Wildlife poaching can also be combated by using geospatial imagery to track animals. A team at Liverpool John Moores University’s School of Natural Sciences is currently in the process of developing an autonomous drone system that can track endangered species and relay information about their status back to researchers. Even drone giant DJI has done work within the environmental space, offering up their drones to help researchers conduct remote research without destroying natural habitats. Thus, the use of drones in terms of conservation and the promotion of environmental stability seems to be a rapidly-growing trend.
Everyday Life-saving Uses of Drones and Robots
Since the majority of the world’s population still relies on fossil fuel for the supply of energy, the infrastructure for extraction, refining, and transportation of oil and gas needs stringent supervision. According to experts at Industrial Skyworks, drones with their thermal sensors can oversee such rules and regulations swiftly and remotely and are more effective than human inspectors. They can also significantly improve labor-intensive and potentially risky jobs like surveys of mining areas and ores.
Elimination of threat to human lives is, in fact, something that unmanned vehicles of different kinds can largely assist with. At inspection sites, human workers may be exposed to a lot of risks like those of hazardous gases, radiation, insufficient oxygen, falling debris, and mechanical hazards. Drones, through their high accuracy sensors, can collect better data by getting closer than a human worker.
Automated cars are another important product of artificial intelligence and robotics. These smart cars are particularly helpful in increasing road safety by eliminating the chances of drunk and reckless driving. For example, an autonomous vehicle may have sensors along the seat belt and the driver’s seat that automatically detects if the human driver has consumed more alcohol than what is safe to drive.

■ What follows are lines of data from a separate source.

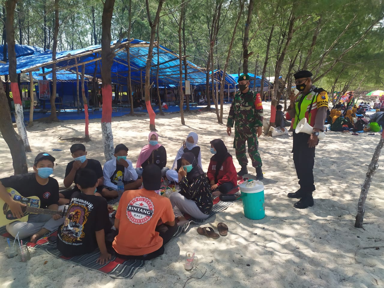 Anggota polsek Jenu beserta anggota Koramil Jenu melaksanakan giat rutin patroli di tempat tempat keramaian serta menghimbau warga serta pengunjung tempat wisata untuk selalu mentaati protokol kesehatan serta penerapan 5M. Anggota polsek jenu mengecek kesiapan pengelola untuk menyediakan tempat cuci tangan maupun mengingatkan pengunjung untuk wajib menggunakan masker serta jaga jarak aman, menjahui kerumunan di setiap kegiatan.
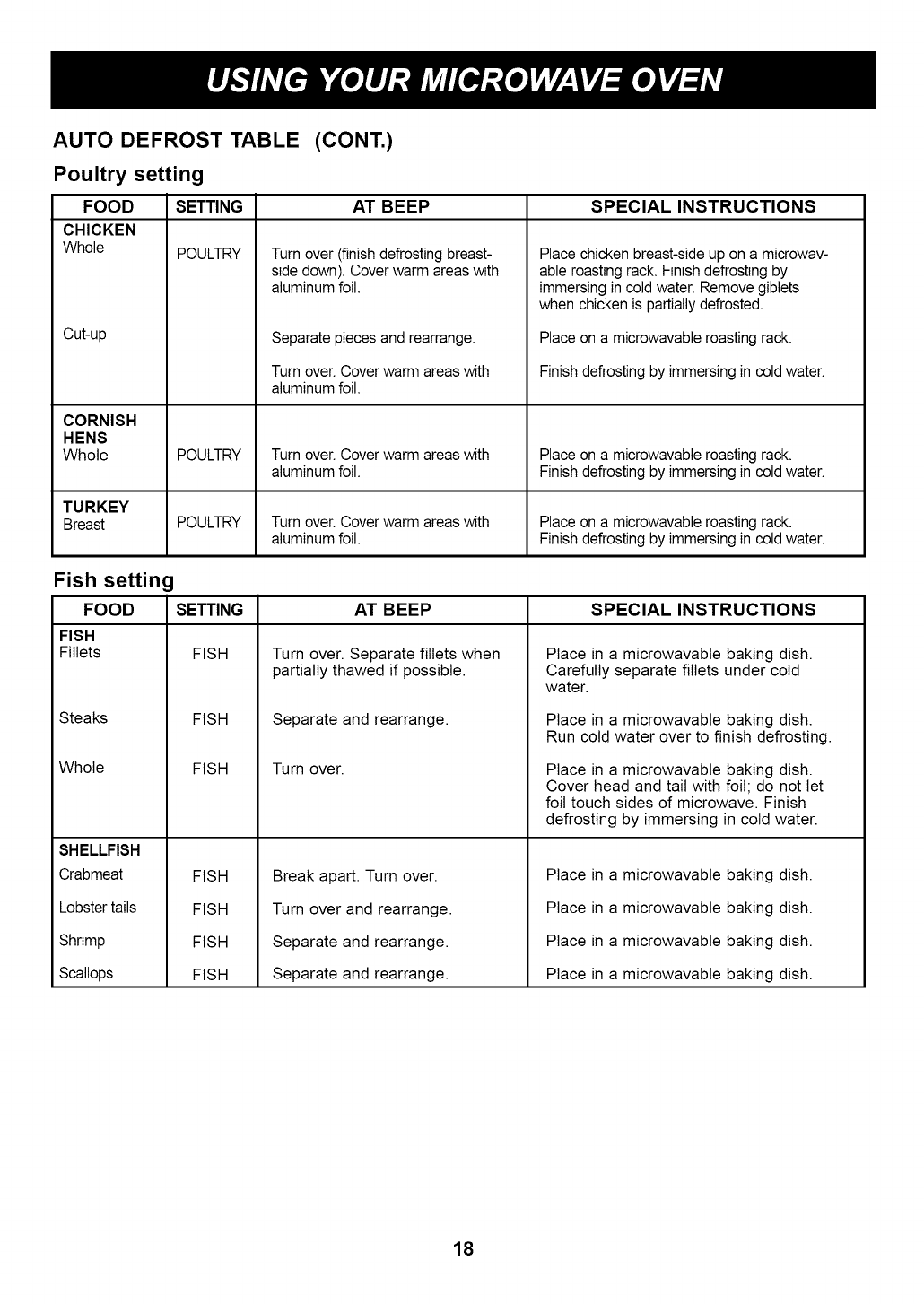 USING YOUR MICROWAVE OVEN ................................................................................................................. 10-20
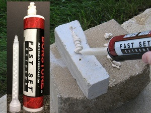 Fast Set™ Extreme is a 2-component, 100% solids, non-sag, knife-grade, moisture-tolerant, high modulus, high-strength structural epoxy adhesive. Fast Set™ Extreme is packaged for convenient handling in applications relating to contractor restoration, doweling, and general bonding.This knife grade (non-sag) exterior epoxy system is suggested for fast setting or cold weather applications where initial setting speed or use in cold temperatures is critical. Unlike most epoxies, Fast-Set™ cures at below freezing temperatures.The cartridge system eliminates measuring and mixing the two components. Easy to use and great for assembly line epoxy fabrication. Not recommended for interior application-strong odor when applying.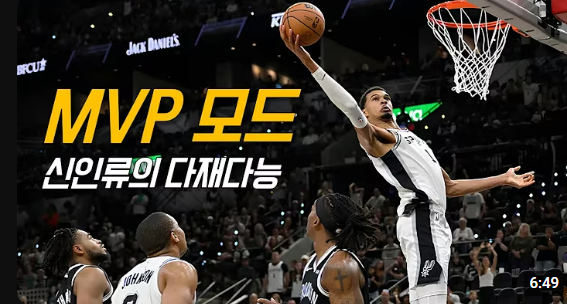 NBA에서도 장신에 속하는 키임에도 360도를 회전하며 레이업을 넣는 웸반야마의 득점력이 무시무시하다.

In this is the case, the sensors send signals to the motor which will simply not start.
Additionally, these cars use robotic enhancements like dash cameras to minimize accidents. Smart driving is also complemented by efficient use of the global positioning systems whereby commercial fleets can communicate with other vehicles, improving road safety. While there is a risk in giving control to a non-human third party, the benefits of robotics and artificial intelligence seem to outweigh the vulnerabilities. As technology advances, these risks are sure to be minimized.

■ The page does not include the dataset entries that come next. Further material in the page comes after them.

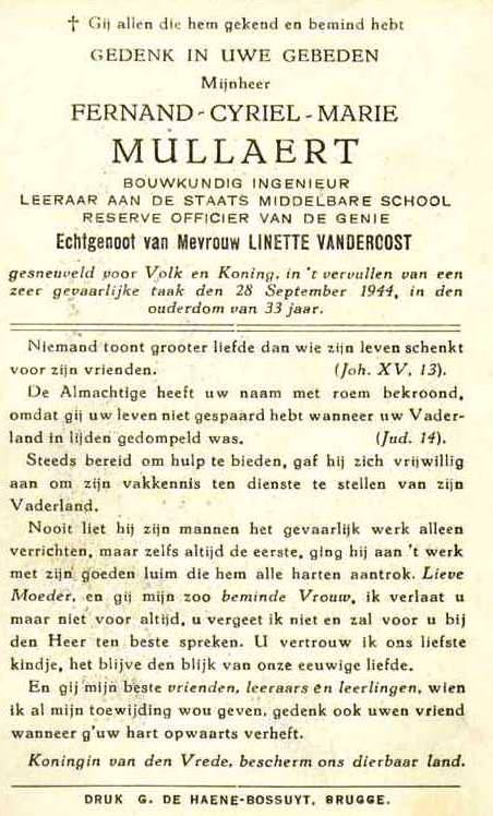 Uitvaartplechtigheid voor Fernand MULLAERT.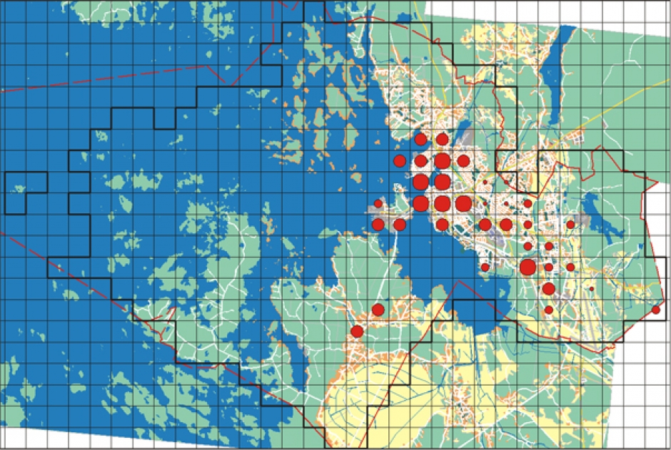 Distribution in Vaasa. The main concentration was focused in and around the city center. During the field work for the Vaasa Bird Atlas, the species was observed in several locations but nesting, however, could not always be confirmed.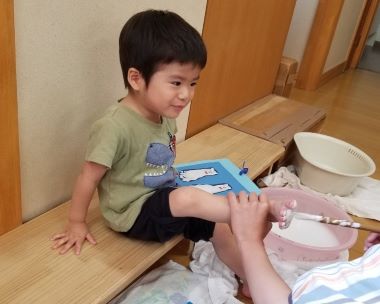 2歳のお友だちは足形を取っています。足の裏に絵の具を塗るとくすぐったいな。かわいらしい足形はシロクマになったようです。ビニールテープの氷を貼って完成です。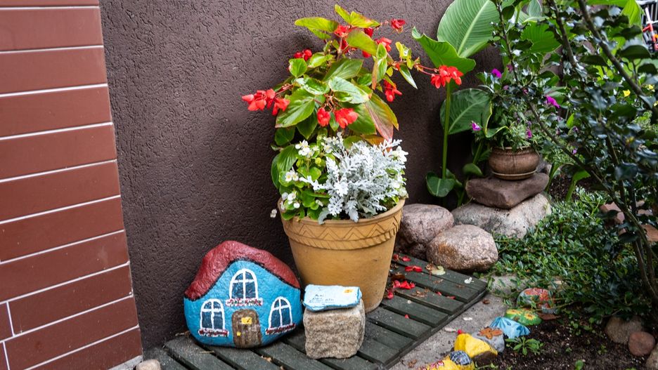 Ten niezwykły zakątek to zaczarowany ogród, stworzony z sercem i ogromnym wyczuciem piękna. Wśród bujnej zieleni kryją się kolorowe kamyczki, starannie rozmieszczone figurki, a także kwitnące kwiaty, które dodają miejscu uroku o każdej porze roku. To żywa galeria wyobraźni, gdzie każdy detal ma znaczenie, a całość tworzy harmonijną, wręcz magiczną przestrzeń.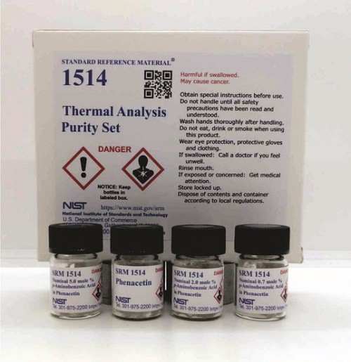 NIST SRM 1514热分析纯集(标准品)是一组含有“纯”苯磺酸和菲那西丁的4瓶,分别掺杂了对氨基苯甲酸的0.7%、2%和5摩尔%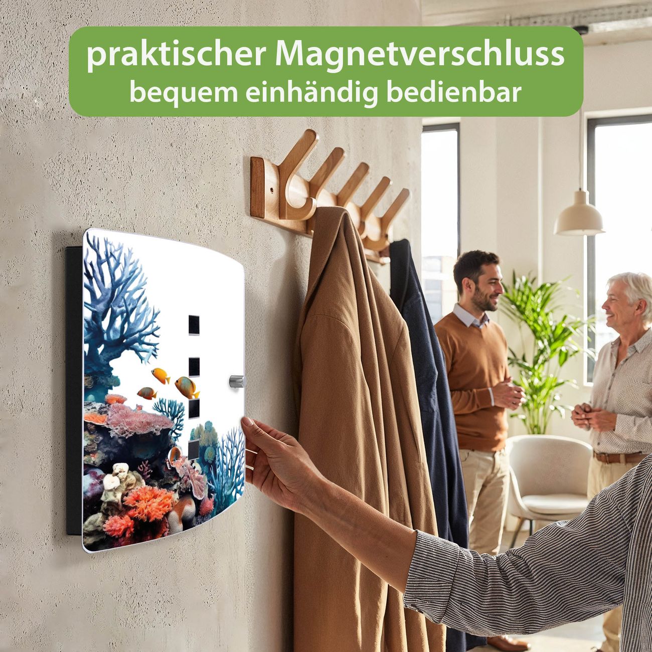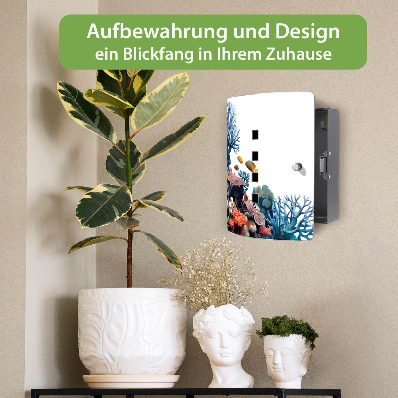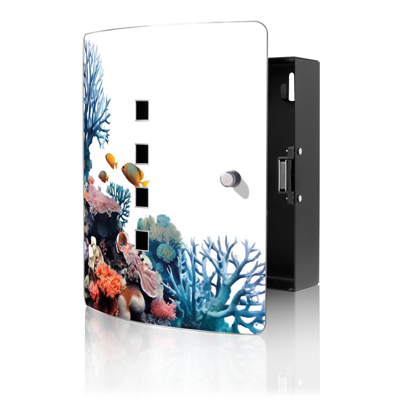 Funktion / Nutzen: Die leicht geschwungene Edelstahltür ist mit einer hochwertigen Motivfolie und dem Motiv Motiv Korallenriff und Fische kaschiert. Ein praktischer Magnetverschluss ermöglicht Ihnen ein schnelles Öffnen und Schließen. Befestigt wird der Schlüsselkasten an 2 Stellen auf der Rückseite, passendes Montagematerial fügen wir bereits bei.

Finally, at the level of the individual, artificial intelligence has given birth to smart door locks that only allow trusted individuals to enter a home. This is especially useful when elderly members of the family are left at home alone. Another advancement in robotics, namely IBM’S MERA (Multi-Purpose Eldercare Robot Assistant), is a boon to the elderly and can save lives, This robotic assistant is really an in-home medical assistant. Its sensors can measure heart and breathing rates and can, through its visual recognition tech, even help a person who has fallen down!

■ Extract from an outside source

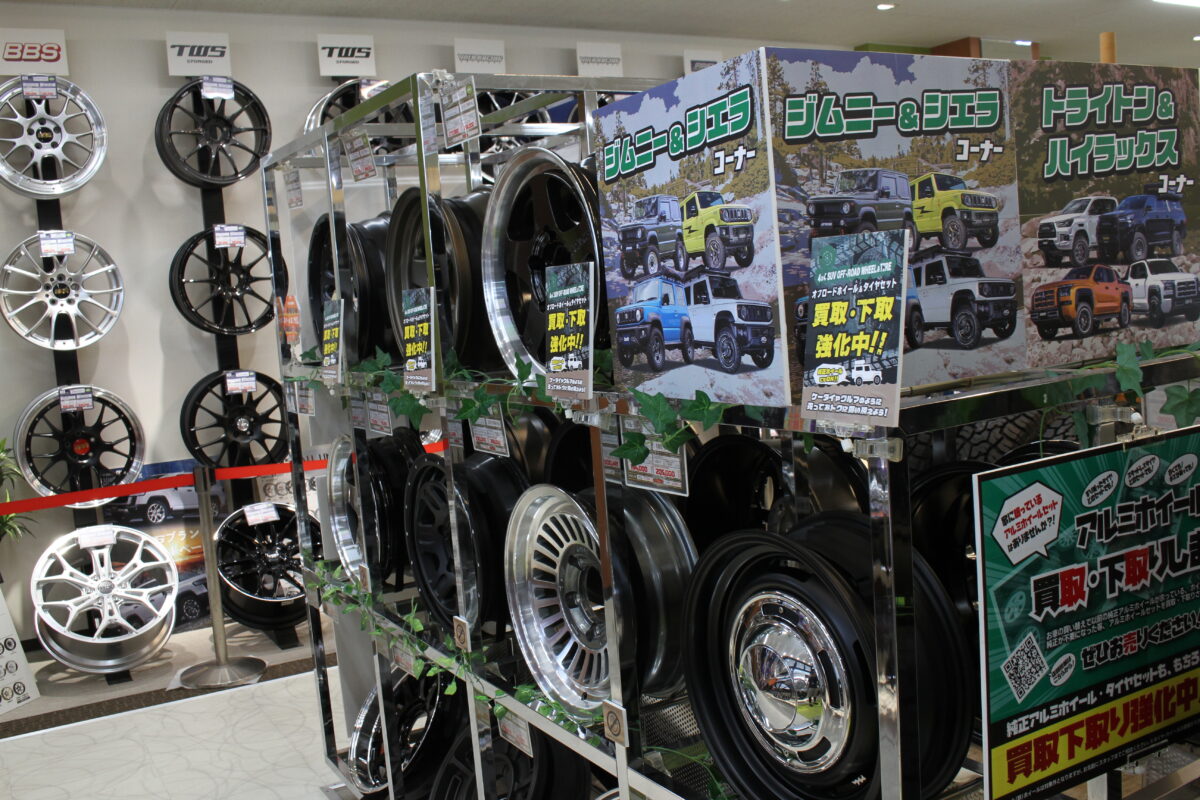 店内にはアルファード/ヴェルファイア、ランドクルーザー、ジムニーなど人気車種の専用コーナーを設けており、そのパーツの豊富さは一見の価値あり。

There’s no doubt that drones and robotics will continue to be extremely useful in enhancing human safety. Today, we are already seeing the effect of these technological advancements, especially in terms of taking over traditionally “dangerous” human roles. To quote the CB Insights article, “The use cases for safe, cost-effective solutions range from data collection to delivery. And as autonomy and collision-avoidance technologies improve, so too will drones’ ability to perform increasingly complex tasks. While the lack of a human element in drone/robotic functioning can be seen as a threat, the many benefits of this technology seem to position it favorably for the future.